╔══

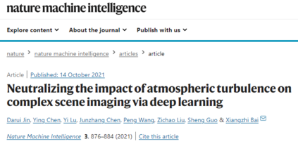 北航白相志教授团队在《Nature》子刊《Nature Machine Intelligence》(2021年第10期)以全文Article形式刊发了最新研究成果“Neutralizing the impact of atmospheric turbulence on complex scene imaging via deep learning”,提出了一种基于多尺度时空域注意力机制的生成对抗网络模型,逆向推理大气湍流效应导致的二维成像退化过程,揭示了深度学习在推演复杂随机物理过程方面的潜力。
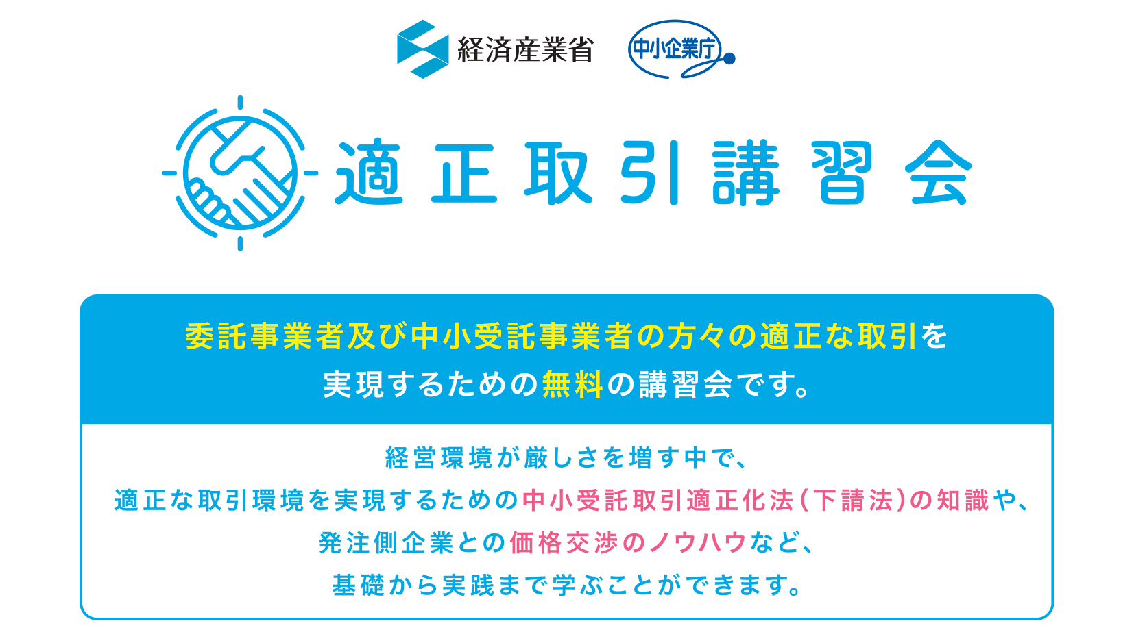 中小企業庁「適正取引講習会及び価格交渉講習会」開催について
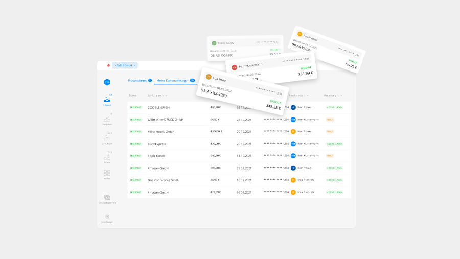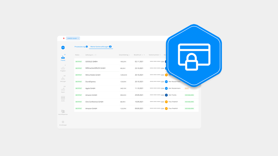 Dank Echtzeit-Übersichten erhalten Sie vollständige Kontrolle über sämtliche Zahlungen des Unternehmens. Endlich kein nerviges Warten mehr auf die monatliche Kreditkartenabrechnung. Die Kreditkarten Transaktionen werden direkt mit den entsprechenden Belegen in CANDIS verknüpft. Und wer vergisst den Kreditkartenbeleg hochzuladen, der bekommt eine automatische Erinnerung.
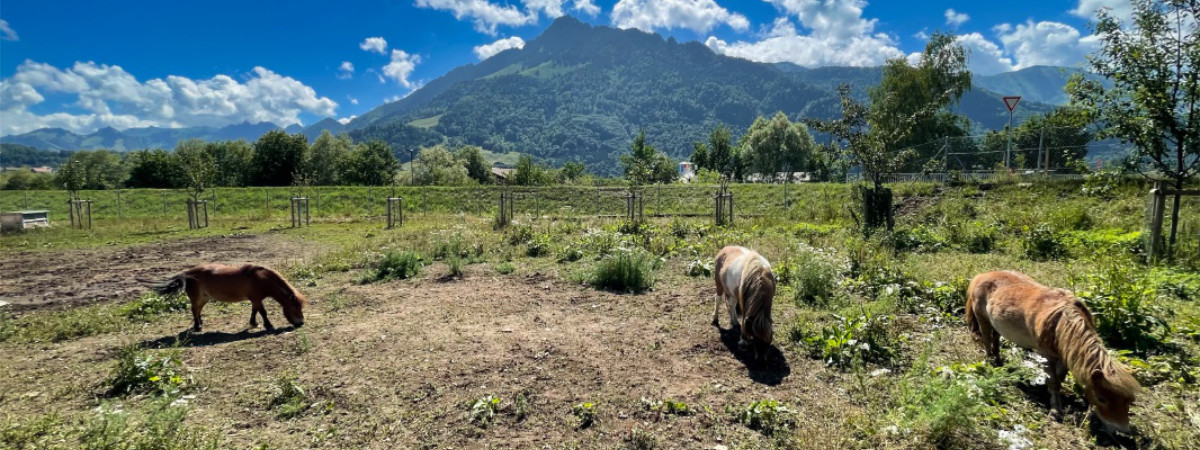 Colibri, Dona & Brunette sont nos trois poneys. Ils sont profitables pour conserver notre exploitation propre et font le plaisir des petits et des grands.
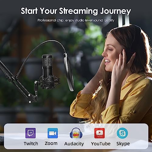 Microfono USB a Condensatore Kit 192KHZ/24BIT, Plug & Play per Registrazione, Computer PC, Podcast, YouTube, Twitch, con Filtro Antipop, Supporto Regolabile, Ragno Anti Shock, Filtro Anti-Vento
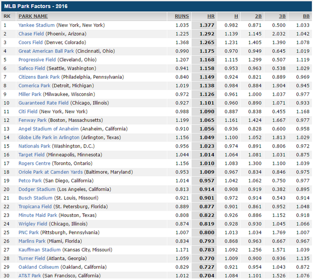 Общеизвестный факт, что результативность матча во многом зависит от того, на каком поле играют команды. В прошлом сезоне больше всего хоум-ранов было выбито на Янки стэдиуме, а меньше - в телефонной будке Сан-франциско.
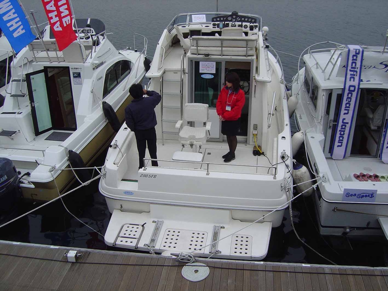 僅かながらヨットも展示されていました。同じ船でも同サイズならヨットの方が少し格安。でもヨットを動かすにはそれなりの知識、技術とまたクルーが必要です。確かに風を帆に受けてエンジンの音がしないのに相当なスピードで走る大型ヨットはそれはそれで不思議な魅力があるものです。このクラスのヨットなら少し高年式でも射程内に入ってくるのですが、やはり走り廻ることと釣りを目的とするならヨットは選択肢から外れていきます。
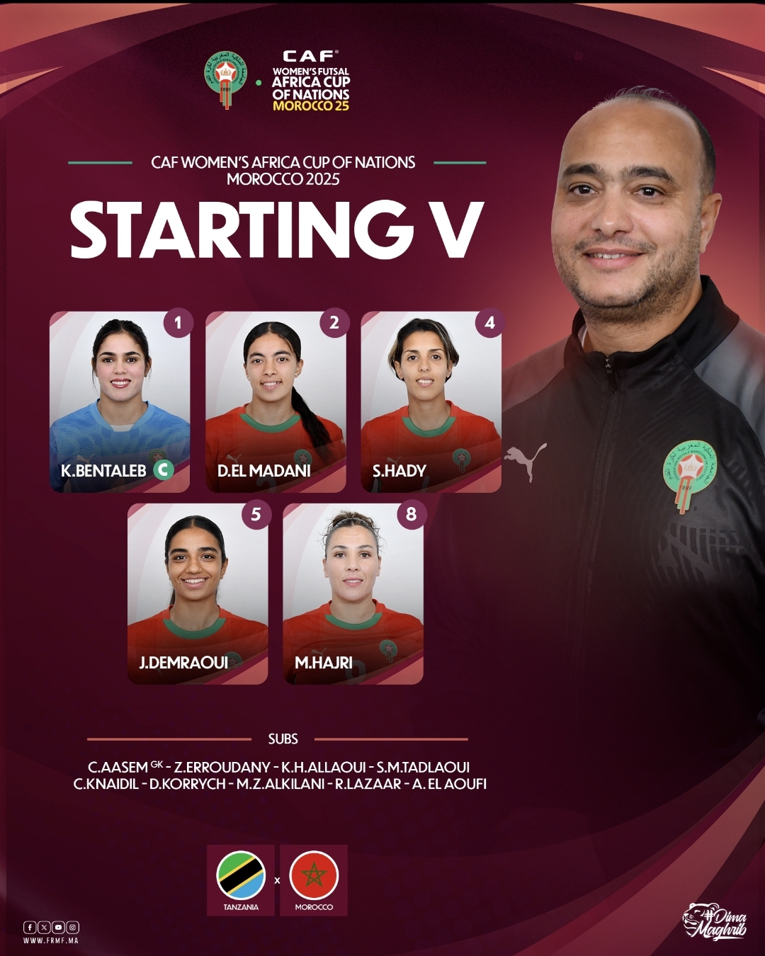 أعلن عادل السايح، مدرب المنتخب الوطني النسوي لكرة القدم داخل القاعة، عن التشكيلة الرسمية التي ستخوض المباراة النهائية لكأس إفريقيا للأمم، والتي ستجمع بين المنتخب المغربي ونظيره التنزاني مساء اليوم الأربعاء 30 أبريل 2025.
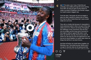 埃澤:五年光陰,恍如昨日。從我踏入水晶宮大門的那一刻起,你們給了我實(shí)現(xiàn)英超夢(mèng)想的機(jī)會(huì),讓我為南倫敦最大的俱樂部效力。從一開始,我就設(shè)定了目標(biāo),想要在這里有所成就,但從未想到這五年會(huì)如此精彩。
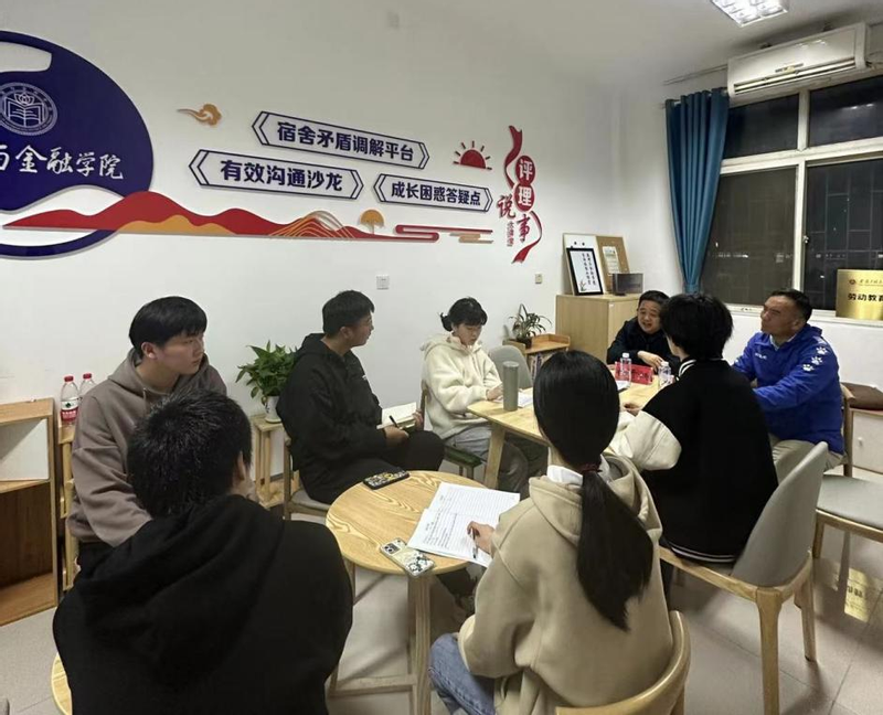4月23日是“世界读书日”,为促进同学们阅读交流,养成“爱读书、好读书、读好书”的习惯,引领读书风尚,数理与金融学院在男生宿舍11栋“评理说事大课堂”举行第二期“圆桌漫谈”读书分享会。此次活动特邀校党委委员、纪委副书记、纪委办主任张开炳老师与学院22级读书兴趣小组同学交流分享读书心得体会。学院党委书记周毅仁、互联网金融系学生党支部书记、辅导员张犇参加。读书分享会由金融222班陆毅同学主持。
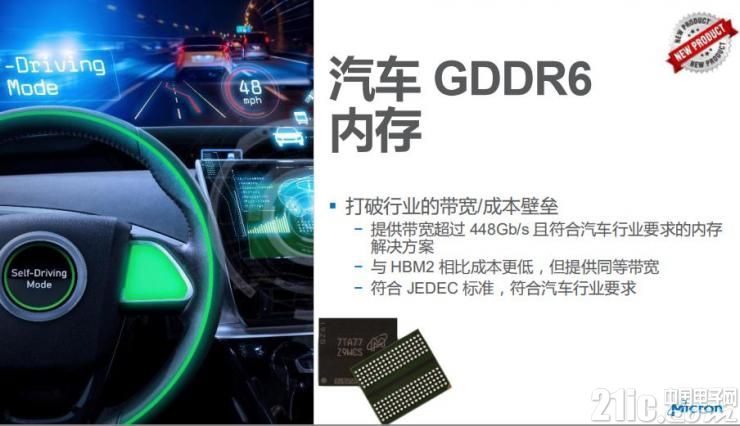 美光對(duì)過(guò)去應(yīng)用在顯卡和游戲當(dāng)中的GDDR6進(jìn)行了優(yōu)化改善,使其能保證應(yīng)用在汽車(chē)當(dāng)中的最佳性能,以適應(yīng)ADAS和未來(lái)自動(dòng)駕駛的需求。未來(lái)會(huì)有更多車(chē)聯(lián)網(wǎng)、車(chē)與基礎(chǔ)設(shè)施和自動(dòng)駕駛需求,對(duì)于產(chǎn)品連接性有更高需求,所以美光對(duì)LPDDR產(chǎn)品進(jìn)行了優(yōu)化改善,包括適應(yīng)5G和LTE等各種最新技術(shù)的需求。
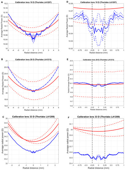 Power profiles for three ophthalmic calibration lenses of +10.00, +20.00, and +33.33 D. (A–C) show the power profile from the center to the periphery. (D–F) show the power profiles in the central area amplified for better visualization. Dashed blue lines indicate the confidence interval of the measurement. Dashed red lines represent the tolerance limits. Black dashed lines indicate the extension of the central zone of the lens within a circle of 0.50 mm diameter. Notice that the maximum aperture radius for (C) is lower than that of (A,B) due to the limitations of the NIMO TR1504.
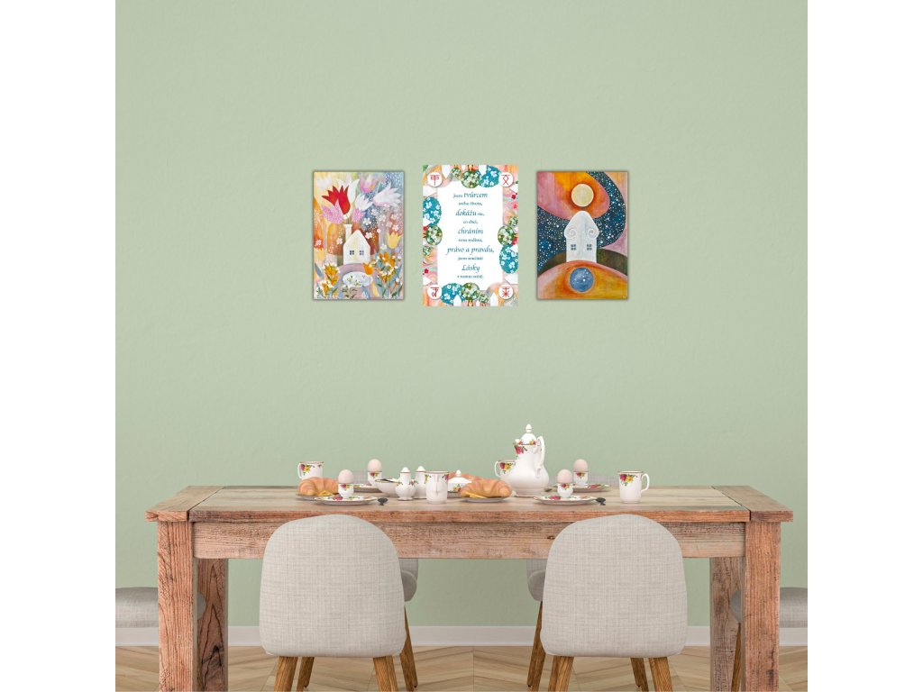 Obraz podporuje rodinnou sounáležitost, domov, harmonizaci, zázemí. Univerzálně harmonizační obraz – ideální jako dárek....

╚══

Once the pictures are set aside, give every line above again without alteration.

 北航白相志教授团队在《Nature》子刊《Nature Machine Intelligence》(2021年第10期)以全文Article形式刊发了最新研究成果“Neutralizing the impact of atmospheric turbulence on complex scene imaging via deep learning”,提出了一种基于多尺度时空域注意力机制的生成对抗网络模型,逆向推理大气湍流效应导致的二维成像退化过程,揭示了深度学习在推演复杂随机物理过程方面的潜力。
 中小企業庁「適正取引講習会及び価格交渉講習会」開催について
 Dank Echtzeit-Übersichten erhalten Sie vollständige Kontrolle über sämtliche Zahlungen des Unternehmens. Endlich kein nerviges Warten mehr auf die monatliche Kreditkartenabrechnung. Die Kreditkarten Transaktionen werden direkt mit den entsprechenden Belegen in CANDIS verknüpft. Und wer vergisst den Kreditkartenbeleg hochzuladen, der bekommt eine automatische Erinnerung.
 Colibri, Dona & Brunette sont nos trois poneys. Ils sont profitables pour conserver notre exploitation propre et font le plaisir des petits et des grands.
 Microfono USB a Condensatore Kit 192KHZ/24BIT, Plug & Play per Registrazione, Computer PC, Podcast, YouTube, Twitch, con Filtro Antipop, Supporto Regolabile, Ragno Anti Shock, Filtro Anti-Vento
 Общеизвестный факт, что результативность матча во многом зависит от того, на каком поле играют команды. В прошлом сезоне больше всего хоум-ранов было выбито на Янки стэдиуме, а меньше - в телефонной будке Сан-франциско.
 僅かながらヨットも展示されていました。同じ船でも同サイズならヨットの方が少し格安。でもヨットを動かすにはそれなりの知識、技術とまたクルーが必要です。確かに風を帆に受けてエンジンの音がしないのに相当なスピードで走る大型ヨットはそれはそれで不思議な魅力があるものです。このクラスのヨットなら少し高年式でも射程内に入ってくるのですが、やはり走り廻ることと釣りを目的とするならヨットは選択肢から外れていきます。
 أعلن عادل السايح، مدرب المنتخب الوطني النسوي لكرة القدم داخل القاعة، عن التشكيلة الرسمية التي ستخوض المباراة النهائية لكأس إفريقيا للأمم، والتي ستجمع بين المنتخب المغربي ونظيره التنزاني مساء اليوم الأربعاء 30 أبريل 2025.
 埃澤:五年光陰,恍如昨日。從我踏入水晶宮大門的那一刻起,你們給了我實(shí)現(xiàn)英超夢(mèng)想的機(jī)會(huì),讓我為南倫敦最大的俱樂部效力。從一開始,我就設(shè)定了目標(biāo),想要在這里有所成就,但從未想到這五年會(huì)如此精彩。
4月23日是“世界读书日”,为促进同学们阅读交流,养成“爱读书、好读书、读好书”的习惯,引领读书风尚,数理与金融学院在男生宿舍11栋“评理说事大课堂”举行第二期“圆桌漫谈”读书分享会。此次活动特邀校党委委员、纪委副书记、纪委办主任张开炳老师与学院22级读书兴趣小组同学交流分享读书心得体会。学院党委书记周毅仁、互联网金融系学生党支部书记、辅导员张犇参加。读书分享会由金融222班陆毅同学主持。
 美光對(duì)過(guò)去應(yīng)用在顯卡和游戲當(dāng)中的GDDR6進(jìn)行了優(yōu)化改善,使其能保證應(yīng)用在汽車(chē)當(dāng)中的最佳性能,以適應(yīng)ADAS和未來(lái)自動(dòng)駕駛的需求。未來(lái)會(huì)有更多車(chē)聯(lián)網(wǎng)、車(chē)與基礎(chǔ)設(shè)施和自動(dòng)駕駛需求,對(duì)于產(chǎn)品連接性有更高需求,所以美光對(duì)LPDDR產(chǎn)品進(jìn)行了優(yōu)化改善,包括適應(yīng)5G和LTE等各種最新技術(shù)的需求。
 Power profiles for three ophthalmic calibration lenses of +10.00, +20.00, and +33.33 D. (A–C) show the power profile from the center to the periphery. (D–F) show the power profiles in the central area amplified for better visualization. Dashed blue lines indicate the confidence interval of the measurement. Dashed red lines represent the tolerance limits. Black dashed lines indicate the extension of the central zone of the lens within a circle of 0.50 mm diameter. Notice that the maximum aperture radius for (C) is lower than that of (A,B) due to the limitations of the NIMO TR1504.
 Obraz podporuje rodinnou sounáležitost, domov, harmonizaci, zázemí. Univerzálně harmonizační obraz – ideální jako dárek....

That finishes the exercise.